In this context, it is relevant that the majority and the dissent in Gayatri Balasamy have referred to the judgments in Dyna and I-Pay with approval and have not expressed any disagreement with either. In fact, Gayatri Balasamy retains the ‘curable defect’ standard while leaving it to the Section 34 court to opine, based on facts, whether the defect complained of in the award is capable of being cured on remand. Nevertheless, the analysis in both opinions allow for a relatively expansive reading of the remand route, which is a restrained and limited departure from the ratio of Dyna and I-Pay. The majority opinion reads in important guardrails to guide an informed use of the remand power:
First, the power of remand permits the court only to send the award to the tribunal for reconsideration of limited aspects, identified in the order under Section 34(4). It is not open-ended.
Second, the power to remand under Section 34(4) is discretionary in nature – once grounds to set aside an award are found, the court may postpone setting aside the award and allow the tribunal an opportunity to “rectify the defect”.
Third, the tribunal ought not to rewrite the award, the primary objective should be to cure the identified defect. A key consideration is the proportionality between the harm caused by the defect and the means available to remedy it.

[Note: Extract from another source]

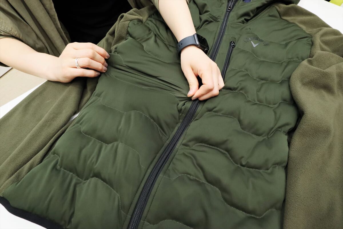 キャロウェイでは通常のラインとは別に、直営店・オンライン・百貨店向けのラグジュアリーブランド「レッドレーベル」を用意しています。同レーベルでもスターストレッチ素材を使用したブルゾンを同時発売します。全面的にスターストレッチ素材を使用し、より動きやすい作りになっています。ポケットのドローコードや肩にワンポイントで赤を使い、レッドレーベルの特別感を醸し出しています。ブラック、ホワイト、カーキの3色展開です。

Fourth, if there is lack of confidence in the tribunal’s ability to come to a fair and balanced decision upon remission, the award must be set aside and not remanded to the tribunal.

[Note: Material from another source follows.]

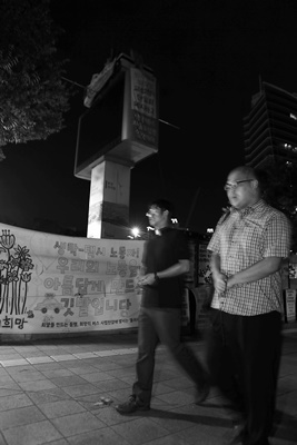 시청 앞 고공농성은 125일을 훌쩍 넘겼다. 지금도 여전히 광고탑 위의 고공 농성장에는 사람들이 있다. 마치 예수가 이승에서 마지막을 보냈을 골고타 언덕 위의 십자가처럼 고공 위의 두 사람들은 높이 매달려 있다. 사제는 바로 그곳에서 기도하며 작은 교회를 세우고 있다.

Fifth, an order of remand should not be passed when such an order would place the arbitral tribunal in an invidious or embarrassing position; and
Sixth, remand to the tribunal may be inappropriate when it does not serve the interests of the parties, particularly in time-sensitive matters or where it would lead to undue costs and inefficiencies.
The Supreme Court’s treatment of Section 34(4) in Gayatri Balasamy marks a restoration of India’s curative-remand regime. Building onwards from Dyna Technologies and I-Pay, the majority clarified that Section 34(4) remains the exclusive avenue for correcting awards even suggesting that tribunals may “vary, correct, review, add to, or modify” awards once remanded. By rejecting rigid timelines, endorsing oral remand requests, and empowering appellate courts under Section 37 to invoke Section 34(4), the judgment broadens the procedural reach of remission.

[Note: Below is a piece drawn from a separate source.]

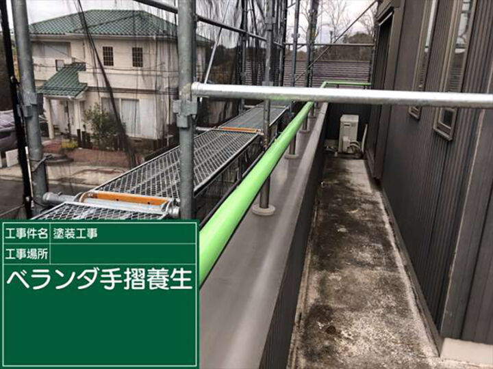 ベランダの手すりは塗装をおこないませんので、塗料で汚れないよう養生をしていきます。

Justice Viswanathan’s dissent underscores the legislature’s intent: Section 34(4) is a genuine “safety valve” allowing tribunals to cure substantive and procedural defects, including on the court’s own motion. Together, majority and dissent breathe new life into Section 34(4), freeing it from being reduced to a narrow stop-gap into a flexible tool for preserving awards wherever possible, most importantly, at the hands of the tribunal. This transformation balances arbitration’s finality with equitable correction, ensuring that curable flaws no longer consign entire awards to annulment.
Aditya Chatterjee is a Partner at Keystone Partners, Bangalore.